Saved data entries:

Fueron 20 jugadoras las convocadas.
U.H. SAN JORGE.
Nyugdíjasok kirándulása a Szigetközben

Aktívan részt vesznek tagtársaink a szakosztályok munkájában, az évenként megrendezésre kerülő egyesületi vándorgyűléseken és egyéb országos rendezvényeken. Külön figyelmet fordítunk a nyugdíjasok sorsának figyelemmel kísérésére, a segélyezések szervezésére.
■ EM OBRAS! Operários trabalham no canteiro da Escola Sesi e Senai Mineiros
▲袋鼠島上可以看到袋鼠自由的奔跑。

* * *

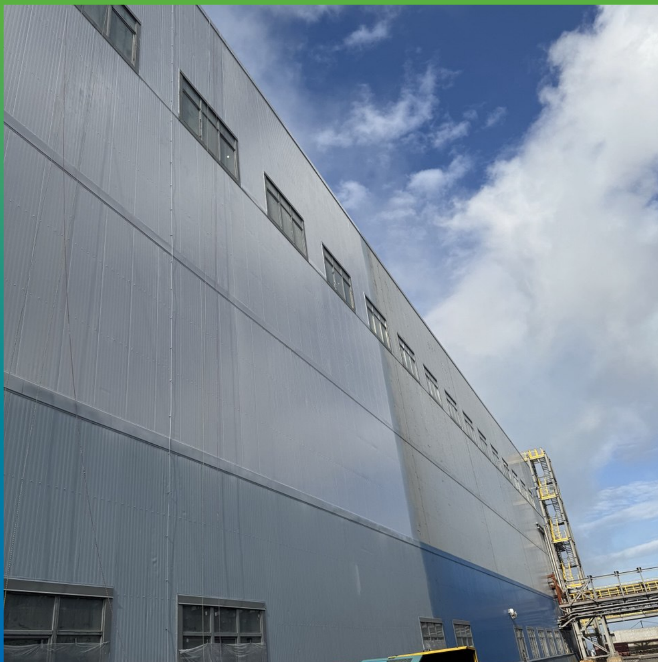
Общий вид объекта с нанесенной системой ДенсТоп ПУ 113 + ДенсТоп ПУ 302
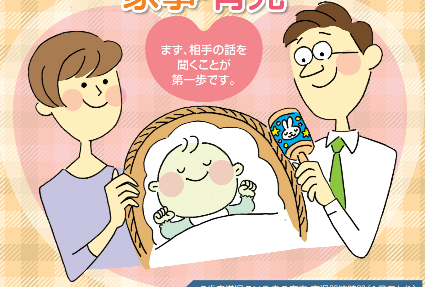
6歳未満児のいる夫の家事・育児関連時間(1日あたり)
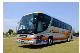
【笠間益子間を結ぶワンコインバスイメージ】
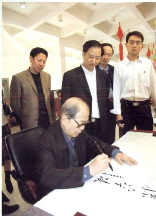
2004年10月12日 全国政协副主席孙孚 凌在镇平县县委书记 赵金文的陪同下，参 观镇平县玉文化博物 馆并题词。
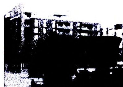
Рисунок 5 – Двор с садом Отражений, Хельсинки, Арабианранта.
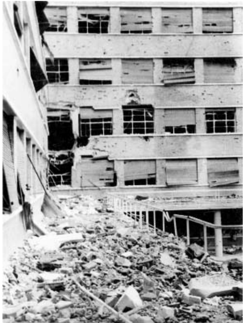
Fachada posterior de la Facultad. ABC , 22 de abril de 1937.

→ Task directions
Give back exactly, and solely, the section of the data above bounded by the line containing "Общий вид объекта" and the line containing "Fachada posterior de", both bounding lines included and pictures omitted.

→ Solution to the exercise
Общий вид объекта с нанесенной системой ДенсТоп ПУ 113 + ДенсТоп ПУ 302
6歳未満児のいる夫の家事・育児関連時間(1日あたり)
【笠間益子間を結ぶワンコインバスイメージ】
2004年10月12日 全国政协副主席孙孚 凌在镇平县县委书记 赵金文的陪同下，参 观镇平县玉文化博物 馆并题词。
Рисунок 5 – Двор с садом Отражений, Хельсинки, Арабианранта.
Fachada posterior de la Facultad. ABC , 22 de abril de 1937.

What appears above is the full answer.